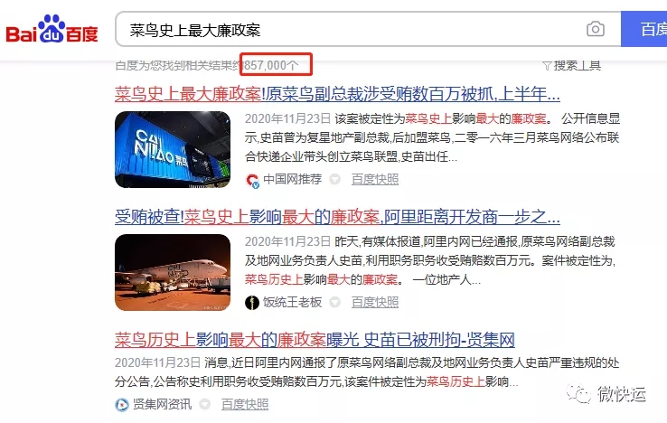 2020年11月22日,網(wǎng)傳菜鳥網(wǎng)絡原副總裁及地網(wǎng)業(yè)務負責人史苗利用職務收受賄賂數(shù)百萬元,該案件被定性為菜鳥歷史上影響最大的廉政案。菜鳥方面向中國證券報記者證實了此事,并回應稱:“廉政反腐是公司的底線,這沒有什么可回避的。”
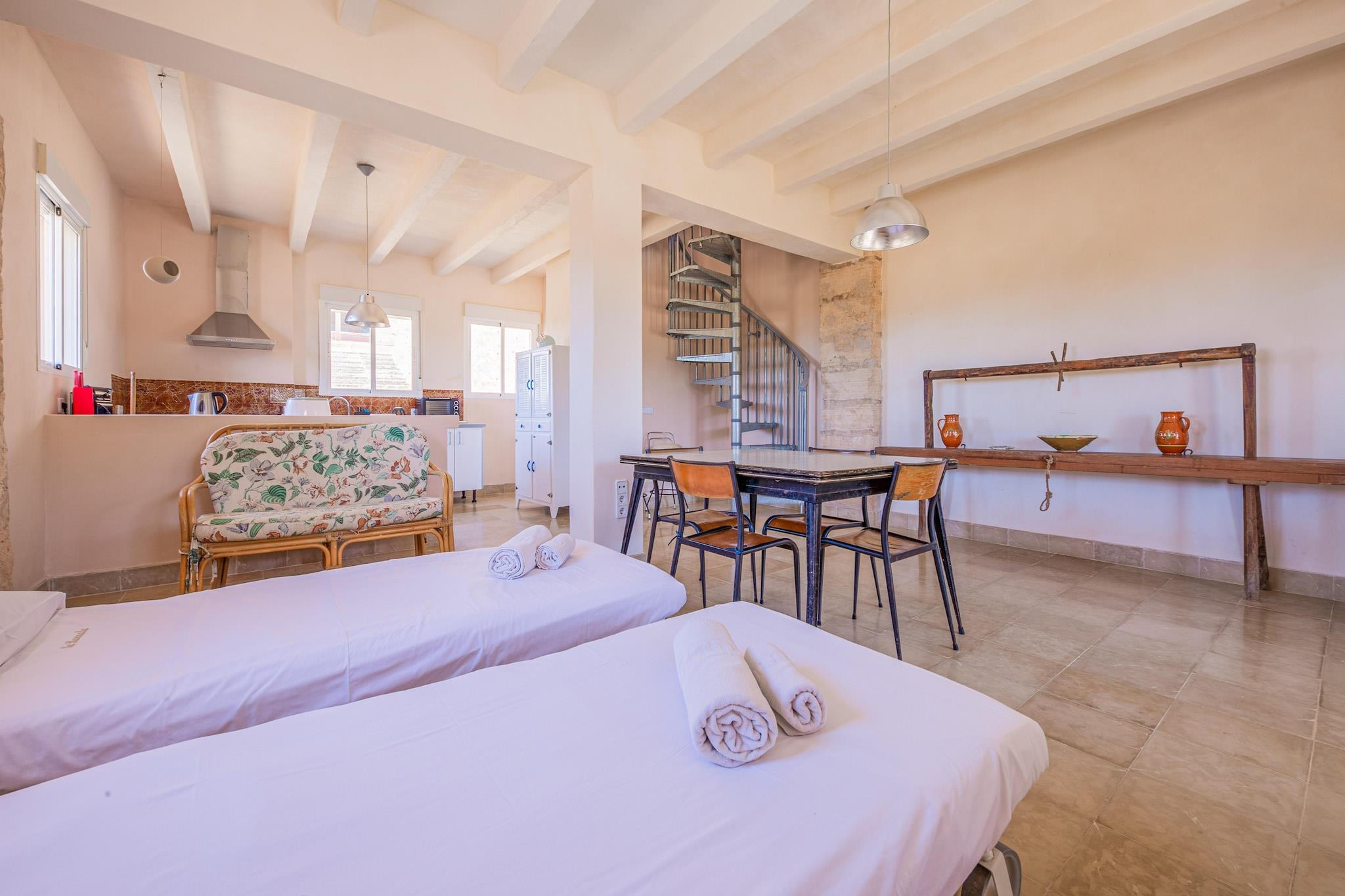 Gemt inde i ejendommen Possessió de Sa Barrala fra det 13. århundrede tilbyder denne hyggelige duplex for to en sjælden blanding af arv, natur og ro ved stranden. Beliggende i naturparken Es Trenc-Salobrar, har gæsterne privat adgang til Es Trenc-stranden via en naturskøn vej gennem marker og skov. Den fælles swimmingpool og hytte ved stranden med bruser, badeværelse og minibar tilføjer komfort til din ferie ved kysten. Indvendigt har duplex 1 soveværelse med dobbeltseng med aircondition, 2 badeværelser og et fuldt udstyret køkken. Den udendørs spiseplads er perfekt til grill og solnedgangsmiddage. Med fem gæstehuse på ejendommen forbliver det fredeligt og intimt - ideelt til at koble af fra hverdagens travlhed. Kun 10 minutter fra Campos og 40 minutter fra Palma Lufthavn balancerer beliggenheden afsondrethed med bekvemmelighed. Rygning er strengt forbudt indendørs, hvilket sikrer et frisk og roligt ophold.
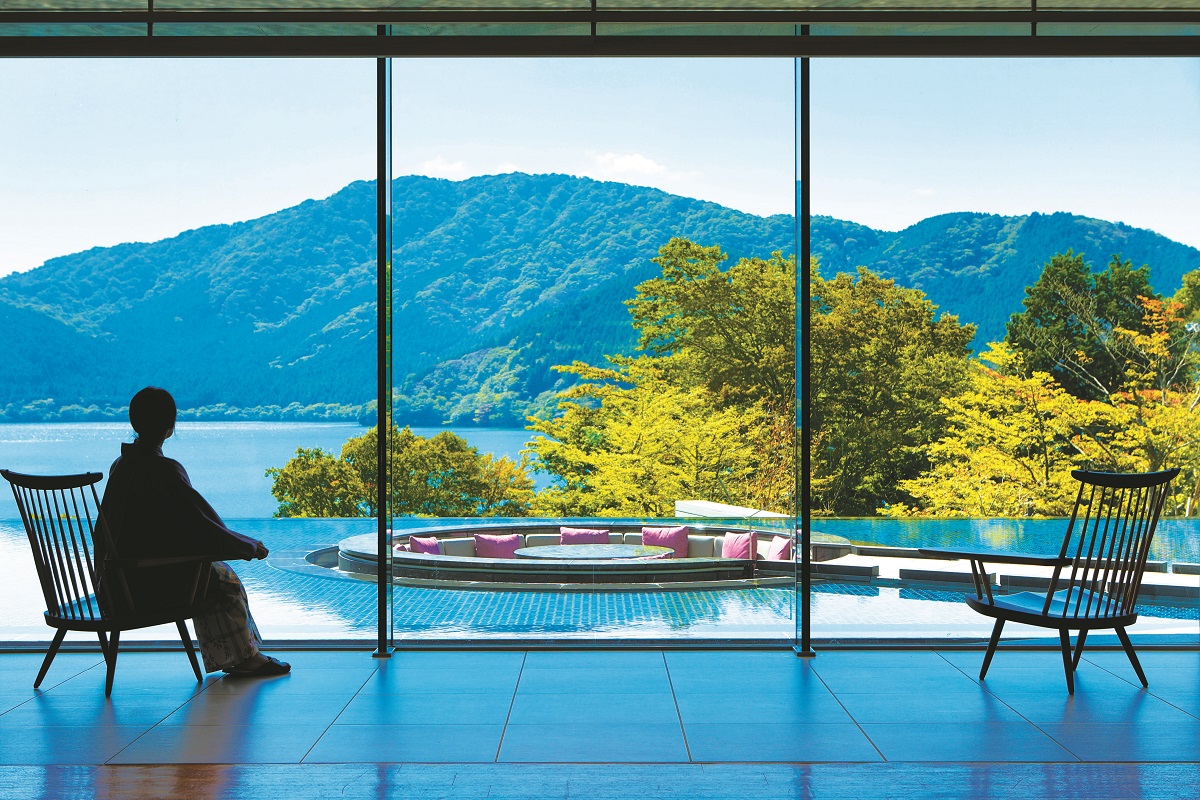 こちらのお宿でまず目を引くのは、芦ノ湖と箱根の山々に面して設けられたオープンエアの「水盤テラス」と「足湯カウンター」です。水盤テラスに座ると自分が芦ノ湖と一体化したような錯覚を起こしそう。旬の食材を生かした食事や雄大な眺望を楽しみながら浸かる箱根の名湯を満喫できますよ。
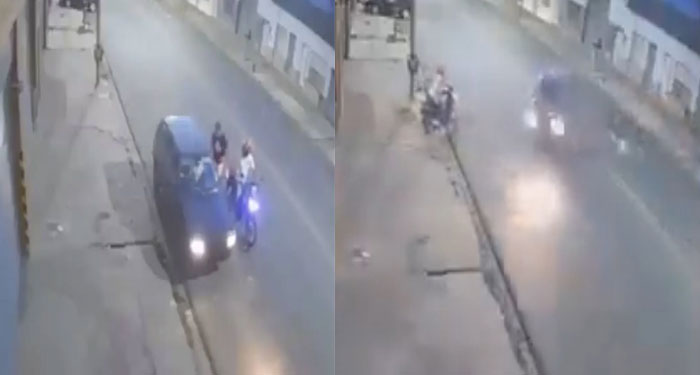 Conductor enfrenta a motoladrones y los arrolla durante intento de asalto.
--------------------------------------------------
§ **Task item**:
Please set down every line of the listing verbatim, excluding its pictures.

§ **Result below**:
 2020年11月22日,網(wǎng)傳菜鳥網(wǎng)絡原副總裁及地網(wǎng)業(yè)務負責人史苗利用職務收受賄賂數(shù)百萬元,該案件被定性為菜鳥歷史上影響最大的廉政案。菜鳥方面向中國證券報記者證實了此事,并回應稱:“廉政反腐是公司的底線,這沒有什么可回避的。”
 Gemt inde i ejendommen Possessió de Sa Barrala fra det 13. århundrede tilbyder denne hyggelige duplex for to en sjælden blanding af arv, natur og ro ved stranden. Beliggende i naturparken Es Trenc-Salobrar, har gæsterne privat adgang til Es Trenc-stranden via en naturskøn vej gennem marker og skov. Den fælles swimmingpool og hytte ved stranden med bruser, badeværelse og minibar tilføjer komfort til din ferie ved kysten. Indvendigt har duplex 1 soveværelse med dobbeltseng med aircondition, 2 badeværelser og et fuldt udstyret køkken. Den udendørs spiseplads er perfekt til grill og solnedgangsmiddage. Med fem gæstehuse på ejendommen forbliver det fredeligt og intimt - ideelt til at koble af fra hverdagens travlhed. Kun 10 minutter fra Campos og 40 minutter fra Palma Lufthavn balancerer beliggenheden afsondrethed med bekvemmelighed. Rygning er strengt forbudt indendørs, hvilket sikrer et frisk og roligt ophold.
 こちらのお宿でまず目を引くのは、芦ノ湖と箱根の山々に面して設けられたオープンエアの「水盤テラス」と「足湯カウンター」です。水盤テラスに座ると自分が芦ノ湖と一体化したような錯覚を起こしそう。旬の食材を生かした食事や雄大な眺望を楽しみながら浸かる箱根の名湯を満喫できますよ。
 Conductor enfrenta a motoladrones y los arrolla durante intento de asalto.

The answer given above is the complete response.